William Deresiewicz: A Memoir for the Jane Austen Fan
By amiedanny on June 02, 2011
When I started reading A Jane Austen Education by William Deresiewicz my first instinct was that the author was only jumping on what is certainly an All-Things-Austen bandwagon that we have seen as of late... not unlike the All-Things-Vampire phase from the past few years. I felt that he was simply attaching his name to a well-known and well-loved author because he knew her name itself would draw readers in and his book would sell.
As I read his story, I realized that Austen really was a major part of the author's life for many years prior to his writing this book. He took several classes in college and grad-school relating to the writer and the time period and really did come to know her personally, totally "got" her style, and completely understood her intents and talents. He even largely based his grad-school dissertation on her writings. So this was certainly no "bandwagon-jump" for Deresiewicz. This has been a 15-ish year process for him.
Having said that, I do kind of feel that he purposefully made certain parts of his life coincide nicely and conveniently for the intent of this book. One never knows how accurate these types of autobiographical accounts are. It could be real, it could be fiction. It could just be really good writing. What he did is take 6 Jane Austen books and correlate their meaning, intent, heroine, and moral to different stages of his own past. He related to each story in a specific way, learning morals as Austen's heroines did, growing as a person with the passing of each book.

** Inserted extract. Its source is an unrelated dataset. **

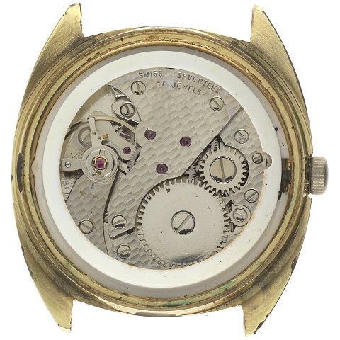 Uret har en 34mm cushion-formet kasse af doublé. Uret har en flot glossy sølv-farvet skive med gyldne batton-indeks samt datovindue. Uret er udstyret med et mekanisk værk med manuelt optræk.

It was entertaining enough, a short read, and not unenjoyable, but it wasn't my favorite kind of book. My favorite parts were when he delved into Jane's stories themselves, reminding me of their characters, plots, and resolutions. One of the books reviewed, Persuasion, I have not yet read, and so I found that section particularly interesting.
If you are an Austen fan, you will probably enjoy this book -- that is if you like memoir-type books. Deresiewicz has definitely done his homework, has a wonderfully in depth view of Austen and her personal life as well as her fictional characters in print.
Oh, and it made me want to pick up Persuasion ASAP.